0

I have a simple question for regex gurus. And yes... I did try several different variations of the regex before posting here. Forgive my regex ignorance. This is targeting PHP.

I have the following HTML:

<div>
    <h4>
        <a href="somelink.html">some text blah</a>
    </h4>
    I need this text<br />I need this text too.<br />
</div>
<div>
    <h4>
        <a href="somelink.html">some text blah</a>
    </h4>
    I need this text<br />I need this text too.<br />
</div>
<div>
    <h4>
        <a href="somelink.html">some text blah</a>
    </h4>
    I need this text<br />I need this text too.<br />
</div>

What I tried that seemed most likely to work:

 preg_match_all('/<div><h4><a href=".*">.*<\/a><\/h4>(.*)<br \/>(.*)<br \/>/', $haystack, $result);

The above returns nothing.

So then I tried this and I got the first group to match, but I have not been able to get the second.

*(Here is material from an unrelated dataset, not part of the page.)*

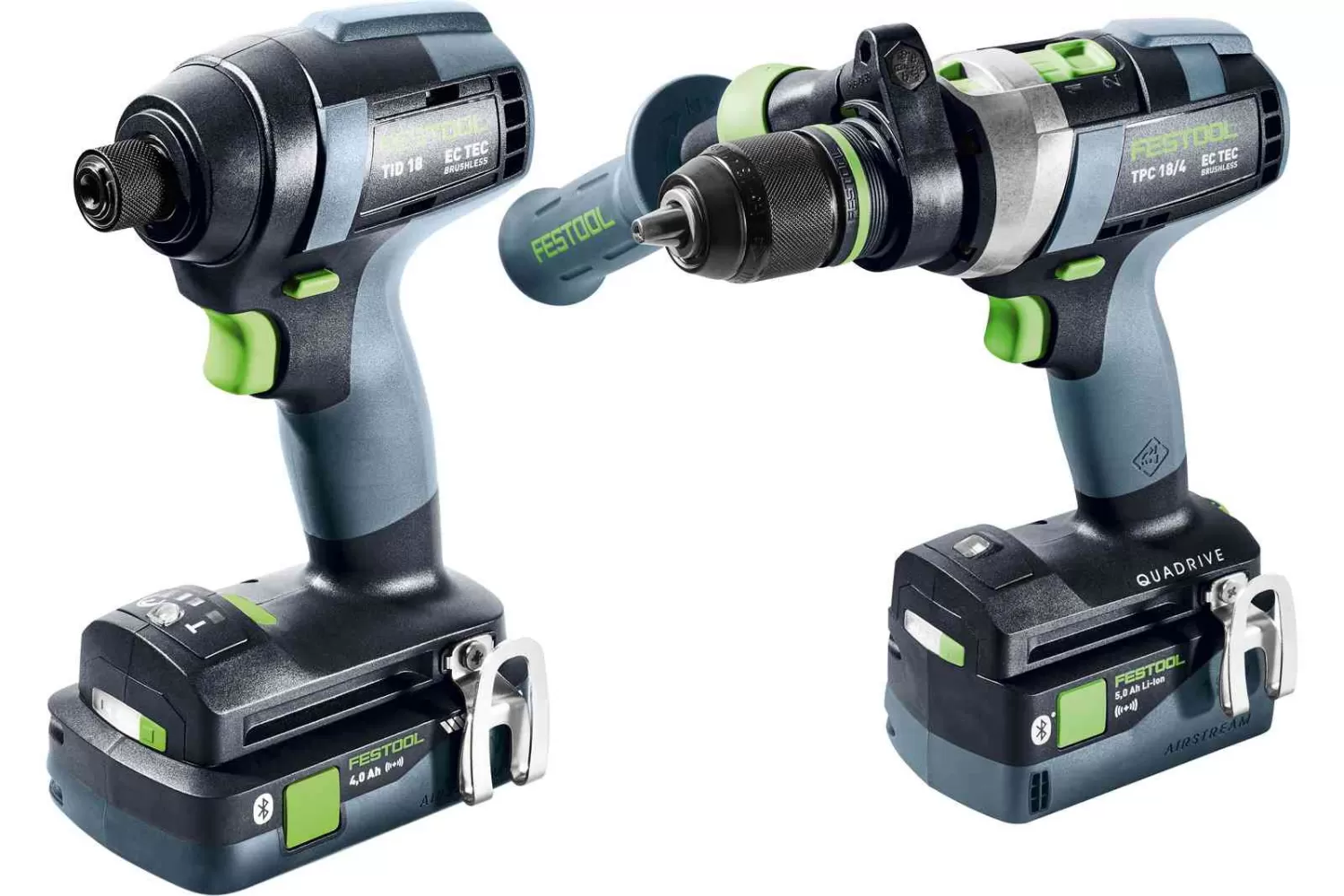 Ryzí síla pro každé použití v kombinaci s nepřekonatelnou robustností a výdrží. S akumulátorovým příklepovým vrtacím šroubovákem TPC 18/4 a akumulátorovým rázovým utahovákem TID 18 budete vybavení na jakékoli vrtání a šroubování. TPC 18/4 přesvědčí nejlepší koncepcí spínače, který jste kdy ovládali. Díky četným nástavcům a kombinaci s perfektně sladěným příslušenstvím představuje QUADRIVE nedostižný příklepový vrtací šroubovák pro nejrůznější možnosti použití. A nebezpečné zkroucení zápěstí při náhlém zablokování nástroje? Inteligentní funkce KickbackStop minimalizuje riziko, že to zajde tak daleko. TID 18 je naproti tomu kompaktní silák s velmi robustním příklepovým mechanismem s mimořádnou životností. Navíc TID 18 s 1" upínáním nástrojů točí výhradně šroubem – a nikoli zápěstím: Zabezpečuje to tangenciální příklepový mechanismus bez unavujícího zpětného rázu. Oba přesvědčí bezuhlíkovým, a tedy bezúdržbovým motorem EC-TEC, který v souhře s akumulátorem zabezpečuje maximální výdrž. Pro bezstarostnou každodenní práci je akumulátorový šroubovák a akumulátor kompletně zabezpečený službami Festool SERVICE.

preg_match_all('/<div><h4><a href=".*">.*<\/a><\/h4>(.*)<br \/>/', $haystack, $result);

Thank you!

a432511
  • 1,907
  • 4
  • 26
  • 48

3 Answers3

2

Regex is great. But, some things are best tackled with a parser. Markup is one such example.

Instead of using regex, I'd use an HTML parser, like http://simplehtmldom.sourceforge.net/

However, if you insist on using regex for this specific case, you can use this pattern:

if (preg_match('%</h4>(\\r?\\n)\\s+(.*?)(<br />)(.*?)(<br />)%', $subject, $regs)) {
    $first_text_string = $regs[2];
    $second_text_string = $regs[4];
} else {
    //pattern not found
}
Homer6
  • 15,034
  • 11
  • 61
  • 81
  • A comparative list of alternatives to `simplehtmldom` (which can be quite slow and cumbersome) [can be found here](http://stackoverflow.com/a/3577662/358679) – Wrikken Sep 24 '13 at 00:50
  • FYI, I also recommend RegexBuddy, as I've mentioned previously in this post: http://stackoverflow.com/a/18132398/278976 – Homer6 Sep 24 '13 at 00:54
0

This will do what you want given the exact input you provided. If you need something more generic please let me know.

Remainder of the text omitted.